I don’t know how to answer the question. I’ve never lived in a home that didn’t have at least one gun in it, and most had…more than one. Owning a gun is a non-noteworthy status, equivalent to owning a screwdriver in terms of life changing significance. I can’t imagine not owning a gun…were it not for that tragic boating accident, where any guns I may have once owned were irretrievably lost. Except my Colt Navy .44 replica. Civil War era handguns aren’t very high on the confiscate list.
ETA: And I voted for 2, because I’m a smartass sometimes. Turns out some other folks are, too.
I already do some hand loading and I’ll do more once I can get my shop set up in my basement. Right now I’m using my dad’s press and gear to reload my saved brass. If he wasn’t so far away from me, I’d probably do more.
Besides, even if buying new ammo I’d never buy it from Cabela’s. It’s good stuff but not as good as they want to charge for it.

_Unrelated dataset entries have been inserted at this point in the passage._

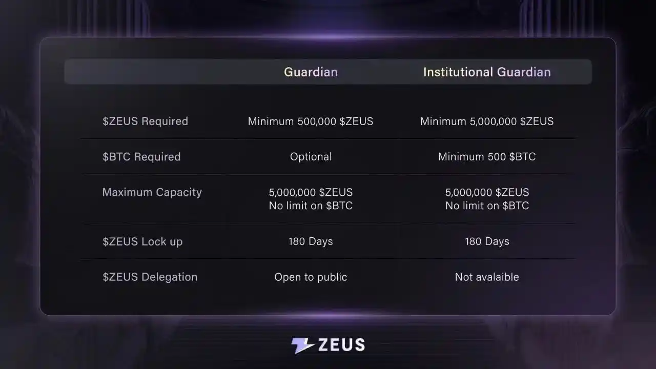 在初期阶段,ZeusNode 计划接纳最多 10 个 Guardian 和若干 Institutional Guardians,以确保网络的安全性和可扩展性。请阅读以下内容,进一步了解每种 Guardian 类型。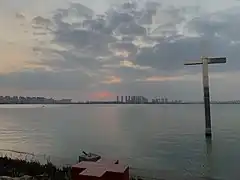 Dushu Lake (Chinese: 独墅湖) is a freshwater lake in the southern part of Suzhou Industrial Park. It is located in the junction of four towns: Guoxiang (郭巷), Chefang (车坊), Xietang (斜塘) and Loufeng (娄葑). The area of Dushu Lake is 9.19 square kilometers with an average depth of 6.5 meters.[1][2] The lake connects the Jinji Lake (金鸡湖) at its north end, the Fengmen Pond (葑门塘) at its west, and is fed by the Wusong River (吴淞江) from the south-east.[2] The earliest proof of possible human activity around Dushu Lake can be traced back 5500 years, according to an archaeology report conducted in 2001. The findings were significant in analyzing Suzhou's climate, geography, and environment in ancient times.[3] Suzhou Dushu Lake Higher Education Town is located by the east bank of the lake, and two tunnels run through the lake, connecting the east and west bank.[2]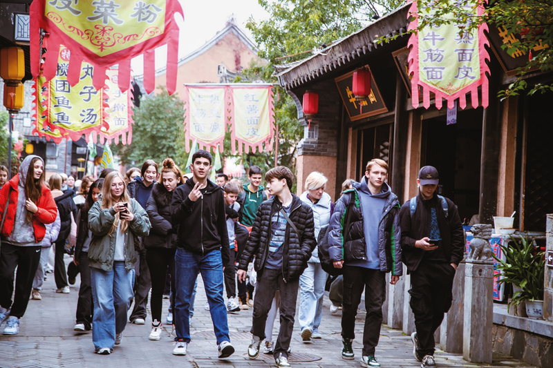 乘坐北京—丹鳳康養(yǎng)旅游專列的俄羅斯游客走進棣花古鎮(zhèn)。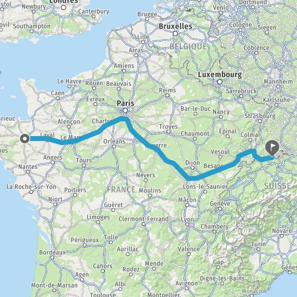 Prendre à droite et rejoindre A36. Continuer sur 165 kilomètres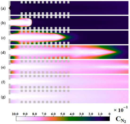 Figure 6 shows the nitrogen molar density distribution at the time from 1.1 ms to 1.7 ms. Nitrogen enters the combustion chamber and gradually displaces the combustion products. By the time of 1.7 ms, the chamber is almost completely filled with neutral gas.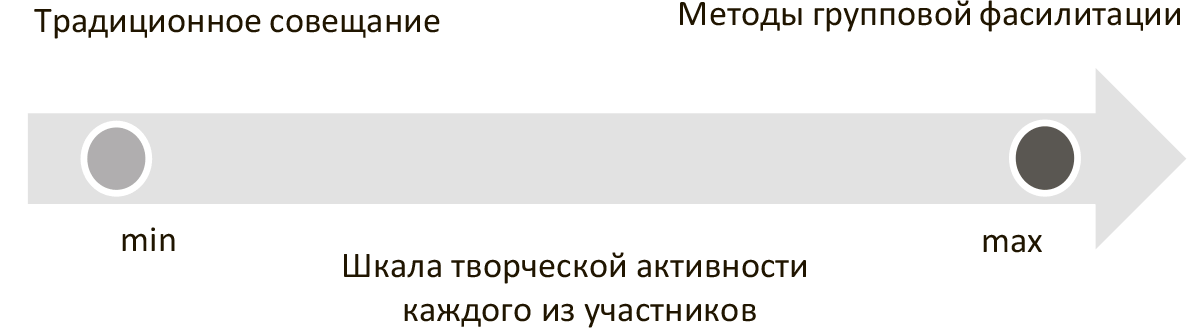 Методы групповой фасилитации представляют собой комплекс творческих и логических приемов для совместного поиска идей и принятия решений, в обсуждение которых максимально вовлечен каждый из участников сессии. Использование фасилитационных методов способно раскрыть творческий потенциал как отдельных сотрудников, так и коллектива единомышленников в целом. Формат фасилитационной сессии уже сам по себе предполагает открытый диалог между участниками управленческой команды, на основе которого как раз и принимаются системные стратегические решения. Именно в этом и заключается качественное отличие фасилитационной сессии от традиционных совещаний, когда некое деловое предложение, единолично высказанное кем-то из авторитетных участников, тут же ставится на групповое голосование.

I’m happy going through Midway or through my corner shop
Made big differences. Saved lives in the family several times. ( Does that mean we are unlucky that those things happened to us or lucky that we had the weapons available at the time? )
Really helpful while in the military.
There are a few folks that I wish would give me a legal iron clad excuse to remove from the gene pool. For them, hands, stick or knife will do, no guns needed. ( No, IMO, human life is not sacred over everything. )
I think I first fired a shot when I was about 8. My dad gave me a .22 rifle for Christmas when I was 10. I carried a handgun as part of my employment for about 9 years. I still have the pistol I wore when I was a deputy sheriff 30+ years ago.
Firearms have been a part of my life for 53 years now, and they will continue to be.
In about a dozen years of carrying, it’s been pulled (not fired) once in a potential situation.
I was sitting in my car in a parking lot, having my artery-clogging lunch with the windows down. Your typical scruffy looking type comes to the passenger window and starts in with some can-you-spare-a-dollar routine. I say no, and he actually leans into the car and puts his arms inside… “aw, come on just one dollar”
At least he backed off after being asked at gunpoint what part of NO he didn’t understand.